▶ DATA EXTRACT
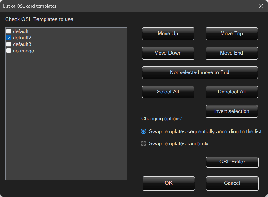 By selecting Instead of a single template, cycle through QSL cards from the list, the program will rotate through QSL card templates automatically.
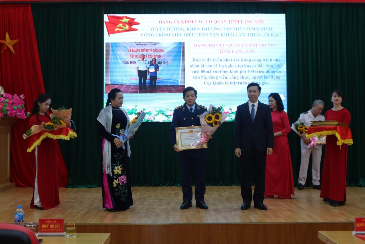 Đảng ủy Cục QLTT Lạng Sơn là một trong 14 tập thể được vinh danh, tuyên dương, khen thưởng vì đã có thành tích trong chỉ đạo và tổ chức xây dựng được mô hình, công trình “Dân vận khéo làm theo lời Bác” tiêu biểu năm 2022. Đơn vị đã triển khai xây dựng công trình nhà nhân ái cho 01 hộ nghèo là gia đình chính sách thờ cúng liệt sĩ tại huyện Bắc Sơn. Công trình có diện tích 80 m2 với tổng kinh phí hỗ trợ 100 triệu đồng do cán bộ, đảng viên, công chức, người lao động của Cục đóng góp.
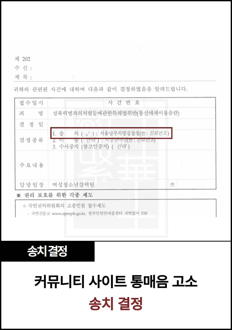 피해자 입장인 분들께는 "송치" 라는 결정이 나올 수 있도록.
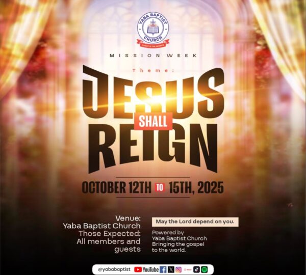 📍 Venue: Yaba Baptist Church – 19/23 Commercial Avenue/Raymond Street, Sabo, Yaba, Lagos

▶ THE PROBLEM
Everything in the listing above must be retyped exactly, except for the pictures.

▶ EXPECTED ANSWER
 By selecting Instead of a single template, cycle through QSL cards from the list, the program will rotate through QSL card templates automatically.
 Đảng ủy Cục QLTT Lạng Sơn là một trong 14 tập thể được vinh danh, tuyên dương, khen thưởng vì đã có thành tích trong chỉ đạo và tổ chức xây dựng được mô hình, công trình “Dân vận khéo làm theo lời Bác” tiêu biểu năm 2022. Đơn vị đã triển khai xây dựng công trình nhà nhân ái cho 01 hộ nghèo là gia đình chính sách thờ cúng liệt sĩ tại huyện Bắc Sơn. Công trình có diện tích 80 m2 với tổng kinh phí hỗ trợ 100 triệu đồng do cán bộ, đảng viên, công chức, người lao động của Cục đóng góp.
 피해자 입장인 분들께는 "송치" 라는 결정이 나올 수 있도록.
 📍 Venue: Yaba Baptist Church – 19/23 Commercial Avenue/Raymond Street, Sabo, Yaba, Lagos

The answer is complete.